Свободная наконец, я схватилась за его мощные бицепсы и стала подниматься над ним и обрушиваться на его член с исступлением сорвавшейся с цепи похоти. Я вбивала его твердый конец так глубоко, что у меня вырывались болезненные вздохи наслаждения, и я не могла остановиться. Не замечая остывающей воды, не слыша, как она расплескивается по полу, я отрешилась от всего мира, кроме массивного, твердого как скала члена, на котором скакала во весь опор.
Оргазм ошарашил меня, как лобовое столкновение с невесть откуда взявшейся встречной телегой. Он выбил из меня рассудок. Я падала. Я летала. Я носилась по небу, как воздушный змей, подхваченный грозой. Я билась на Сударе всем телом и лишь смутно слышала его гортанный рев. Кончая, он вошел в меня резко и глубоко.
Я издала одинокий финальный писк и без сил рухнула на его вздымающуюся грудь.
Изнуренная, в полуобморочном состоянии, я плохо помнила, как Сударь поднял меня из лохани, завернул в целую охапку полотенец и уложил в кровать, до которой мы той ночью так и не добрались. Кажется, я потянулась к нему, желая снова очутиться в его объятиях, но моя рука нашла лишь холодный воздух спальни: Сударь ушел и закрыл за собой дверь.
Эта ночь, которую мы посвятили «удовлетворению аппетитов», оставила меня в предвкушении чего-то большего.

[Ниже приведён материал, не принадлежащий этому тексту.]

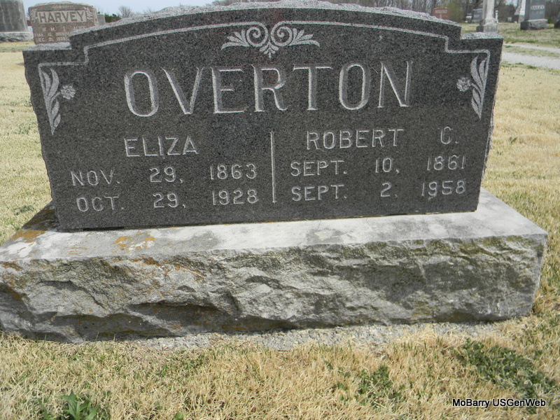 SSW: Robert C. - Research Note: Daughter of James Swindle born TN and Eliza Fly, born MO. Her husband was Robert C. Overton and he was the informant on the death certificate. - Wheaton Journal, November 1, 1928 - Eliza Swindle was born November 29, 1863 and died October 29, 1928 at the age of 64 years and 11 months. She was united in marriage to R. C. Overton December 24, 1882. To this union were born three children; Minnie Brattin of Wheaton, Wendell Ira, of Purdy, and Homer of Ft. Leavenworth, Kan. Her husband, her children and six grand children survive her. She leaves, also, four brothers and three sisters; John Swindle, of Deer, Ark., Lafayette, of Hollywood, Calif., George of Fairview, Abe of Santa Anna, Calif., Martha Parks, of Sumas, Washington, Nannie Overton of Purdy, Frances Holmes of Wheaton, and a step-sister, Sarah Garrison of Verona, Mo. She was an earnest student of the Bible, a true Christian, a devoted wife and mother, and the number of her friends is the number of her acquaintances. Funeral services were conducted by Rev. J. A. Meggison of Galena, Kan., Wednesday afternoon at the Baptist church and internment made in the Rocky Comfort Cemetery under the direction of Pogue Undertaking. - Cassville Democrat, Nov. 3, 1928 - MRS. BOB OVERTON DIES AT WHEATON - Wife of Prominent Wheaton Citizen Dies Suddenly Following Hear Attack. - Mrs. Ellen/Eliza Overton died at her home in Wheaton Monday morning following an attack of heart trouble. She took sick Sunday afternoon and died the following morning. Mrs. Overton was well known and highly respected citizen who had resided in that section of the county all her life. Mrs. Overton was about 65 years old and was daughter of Mr. and Mrs. James Swindle, old time and highly respected citizens of this county. She has lived in the Shoal Creek country, where she was born, all of her life. She was a member of the church and leaves one girl, Mrs. Walter Brattin of Wheaton, and two sons. Ira, who resides n the old home place on Shoal Creek and another son residing in California. All of her children were at her bedside at the time of her passing. Mrs. Overton was a wonderful character, possessing many true friends who had loved her since childhood. She was an excellent neighbor and did much for humanity. Funeral services were conducted at the Wheaton Baptist church Wednesday afternoon, after which the remains were laid to rest in the Rocky Comfort cemetery. A large number of sorrowing relatives and friends attended the services and interment. The Democrat sympathizes with the grief stricken family. | Death Certificate Online Obit Phyllis Long Photo Bill Utter |

В тот день я старалась не слишком явно зевать перед бесконечными визитерами тетушки Берил, когда от лорда Малкольма Эшфорда принесли новые подарки.

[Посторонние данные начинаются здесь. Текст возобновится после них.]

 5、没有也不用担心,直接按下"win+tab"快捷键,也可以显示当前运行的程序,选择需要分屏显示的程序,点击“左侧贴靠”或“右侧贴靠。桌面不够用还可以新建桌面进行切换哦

— Если бы он искренне хотел быть со мной щедрым, то подарил бы мне свободу, — пожаловалась я Сударю той ночью, когда мы лежали, переводя дух после обстоятельного изучения «греха праздности».

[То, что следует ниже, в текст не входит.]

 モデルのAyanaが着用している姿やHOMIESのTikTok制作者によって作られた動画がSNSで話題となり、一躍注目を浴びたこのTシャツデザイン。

Придя в наше логово греха, я обнаружила, что Сударь приготовился познакомить меня с чувственностью роскоши. Дорогие запахи, элитные вина, шелковые простыни, великолепное эротичное белье, которое теперь болталось на люстре. Мы играли со всем, чем должна окружить себя блудница высокого класса и чем она должна пленить мысли и чувства мужчины. Я прежде понятия не имела, что павлиньи перья можно использовать не только для украшения шляп.
Я сладко потянулась под крылышком у Сударя и зашагала пальцами по тропинке темных волос на его животе, которая так манила меня. Тело саднило от напряженного удовольствия, которое он мне доставил. Я все еще чувствовала, как прохладный шелк скользит под моей воспаленной кожей, и вздрагивала от накатывающих волн вожделения.
— Возможно, он и есть щедрый, — без особого интереса буркнул Сударь.
Я нахмурилась и прошлась пальцами вверх по его телу.
— Он преподносит мне золото и бриллианты, но это пустые дары, потому что все это будет принадлежать ему, как только мы поженимся. Он хочет упрятать меня в один из своих бархатных футляров, чтобы потом, когда будет охота, вынимать и красоваться.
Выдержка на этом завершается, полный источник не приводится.